No doubt there are all the grounds for questioning Putin’s motives, but the fact is that the 1993 constitution that established the basis for centre-periphery relations was a ridiculously bad piece of legislation. It was in the natural course of things that any strong Russian leader, democratic or otherwise, would have to revisit the legacy of that document. The devil of this business, perhaps more so than many other aspects of Russian politics, is in the detail.

Rustam April 22, 2006 at 6:22 am

Come on Peter I did not say that it is 28!!!!!
If the trend that we have seen up until now, so called “stream lining of centre-periphery relations”, the most important elements, in my opinion, of which were two “reforms” – the appointments of governors and transfer of pretty much of all revenues from local budgets to the federal budget (ever increasing financial dependence of periphery from the centre), will continue, even on the basis of referenda, the validity of which, for example when it takes place in Buryatiya or Kalmikiya for that matter, is under BIG doubt (presidential elections in Russia still need a lot of improvement to make them transparent and fair, let alone federal legislative elections) and all this under the background of all the factors that I have pointed out in my first post surely is not good for the democracy and the development of civil society in such a crucial state as Russia and sadly it is and will always have negative effect to us in Central Asia, already in neighbourhoud with ever powerful China with its thirst of energy.
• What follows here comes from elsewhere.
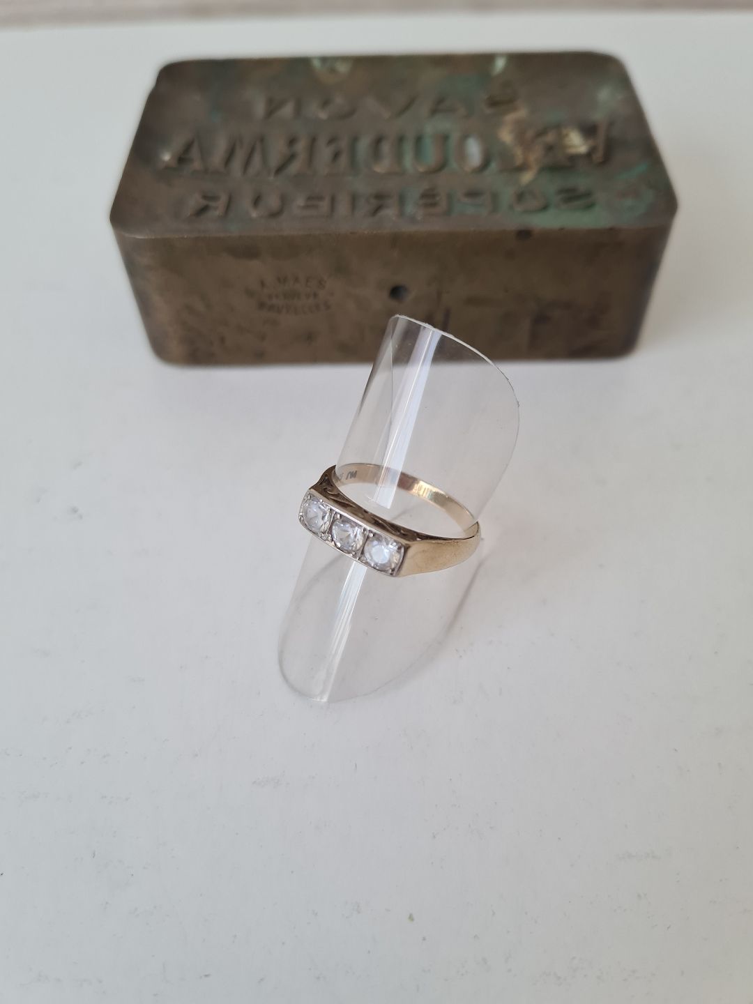 Vintage ring i 14 kt guld med tre klare smykkesten

Peter April 22, 2006 at 6:32 am

I don’t want to argue about it but…

“Smells like Uzbekistan. Russia – 28 federal subjects, Uzbekistan – 14 regional subjects.”

Otherwise, I agree with everything you say.
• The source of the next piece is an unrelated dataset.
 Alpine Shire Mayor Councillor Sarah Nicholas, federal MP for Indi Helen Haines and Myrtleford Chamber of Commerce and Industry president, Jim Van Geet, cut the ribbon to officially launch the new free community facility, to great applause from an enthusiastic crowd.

Nathan April 22, 2006 at 12:41 pm

FWIW, I’m not opposed to this per se, but I agree with Rustam’s points in the fifth comment. I’m generally all for administrative structures that make strong centralized governments weaker (I’m such an American…), but there’s arguably a case for it in Russia. My worry is more for what it means for the standing of the titular nations in the ethnic republics and its potential for causing instability.
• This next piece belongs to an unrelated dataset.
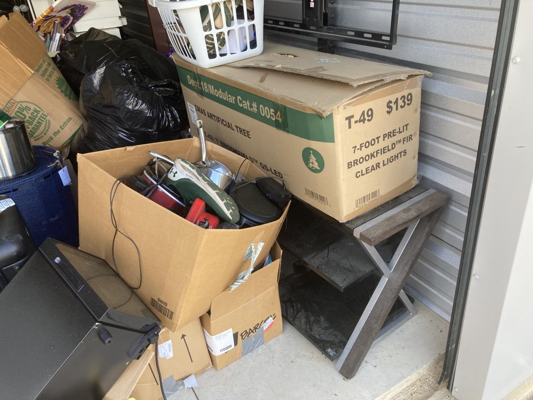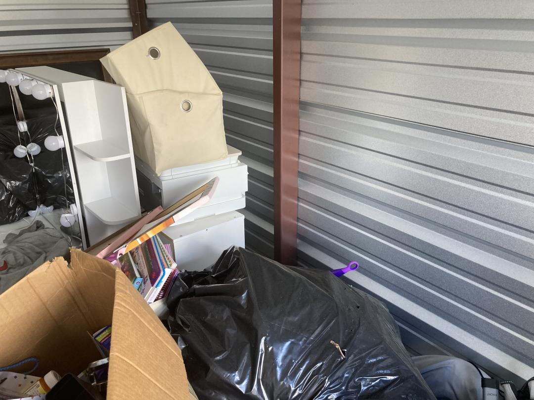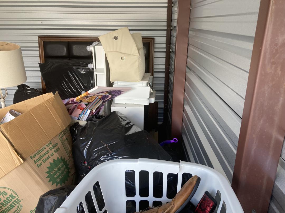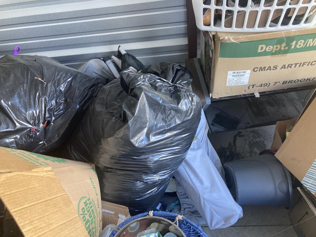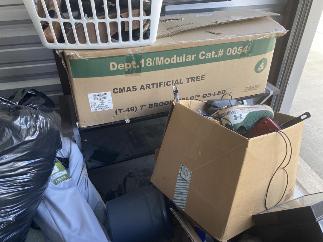 This unit appears to contain…MATTRESS, BOOTS, POTS & PANS, BAGS, BASKETS, HEADBOARD, HOVERBOARD, VANITY DESK, BOXES, SHOES, DRESSER, CHRISTMAS TREE, ENTERTAINMENT CENTER, KITCHEN APPLIANCES

Lyndon April 29, 2006 at 10:22 pm

This is a very interesting topic. On a slightly different point, I read the New Yorker piece mentioned above, and it was so sloppy that if I had more time I would blog about how it’s a classic example of someone writing a stock feature story about an aspect of Russia and not even getting basic facts right. Near the start of the article, it mentioned that Russia had 21 regions, or republics (I don’t remember the exact word used and don’t have the text handy) – there may be 21 ethnic A.O.’s, but even if that’s the case there was no mention of the other 60-some subjects of the federation. One wonders where the New Yorker’s vaunted fact-checkers were on this one. There was some other fact they got wrong that I was going to gripe about, too.

And the rest of the article read like everything you’ve read in the past 10-15 years about a journalist’s only trip to some corner of the Russian provinces – incessant ridiculing of the local leader and his quirky ways, etc. Whatever. Making fun of Kirsan is like shooting fish in a barrel, and at some point it got old – it almost made me feel bad for the guy. The New Yorker is the only weekly print magazine I read on a regular basis these days (the folks at the Economist haven’t been able to make the US mail work so far in 2 months of trying), and it’s usually a pleasure to read, so I was a bit disappointed.

OK, thanks for letting me get that somewhat off-topic rant off my chest. Nathan, I hope you’ve been well, it’s been a while.